30 November 2011

How is Your Husband Like a Bikini?

People shop for a bathing suit with more care than they do a husband or wife. The rules are the same. Look for something you'll feel comfortable wearing. Allow for room to grow.
~Erma Bombeck


Day Thirty: For the last twenty-nine days my husband has asked about, implied that, mentioned, noted, etc. that his poor little name was not posted somewhere on this blog. Little comments like, "Could be thankful for your husband!" have permeated my days. Part of me has wanted to dig in my heels, stick out my tongue, and tell him to go screw- if you have to ask for it, you probably don't deserve it! However, despite my aggravation, irritation, and frustration with him, he deserves some notice...even if only a paragraph or so.

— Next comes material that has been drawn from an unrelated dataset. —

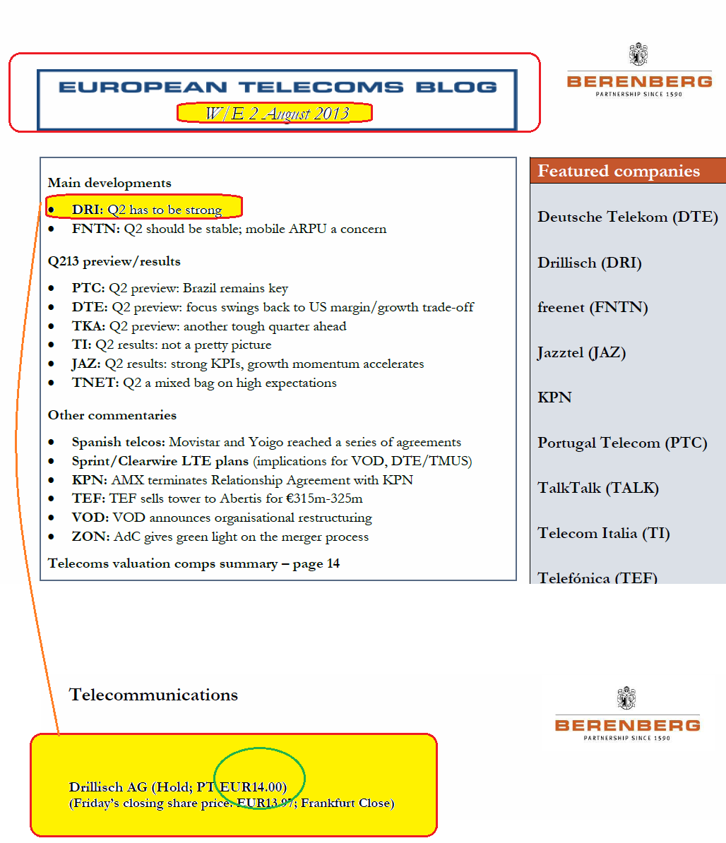 und Anfang August hat ja die Berenberg Bank einen breite europäische Sektor-Analyse gemacht und auch da DRI nur mit KZ14 bewertet.

I have a theory that marriage doesn't have to be perfect or even gloriously happy; it has to be a state where for at least four days out of every seven, you're good with it. If it goes the other way, say you're only good two or three days, then there's a problem. But really, anyone who says their marriage is perfect is either lying, drunk, or missing their frontal lobe (or any combination thereof). With that said, after 12 1/2 years of marriage and 16+ total years of partnership, Aaron is still ok four days out of every seven. Some weeks are better than others, but, overall, I am grateful to have him in my life...especially now that the last decade-plus worth of his training is finally paying off! He has given me a beautiful home, four incredible children, plenty of ammunition with which to make fun of him, a couple great pairs of earrings, an awesome wool coat, and, most of all, someone with whom I know that, for better or worse, I can share my world and everything in it for as long as I can see in the future. That has to be worth at least 30 days of thanks in and of itself.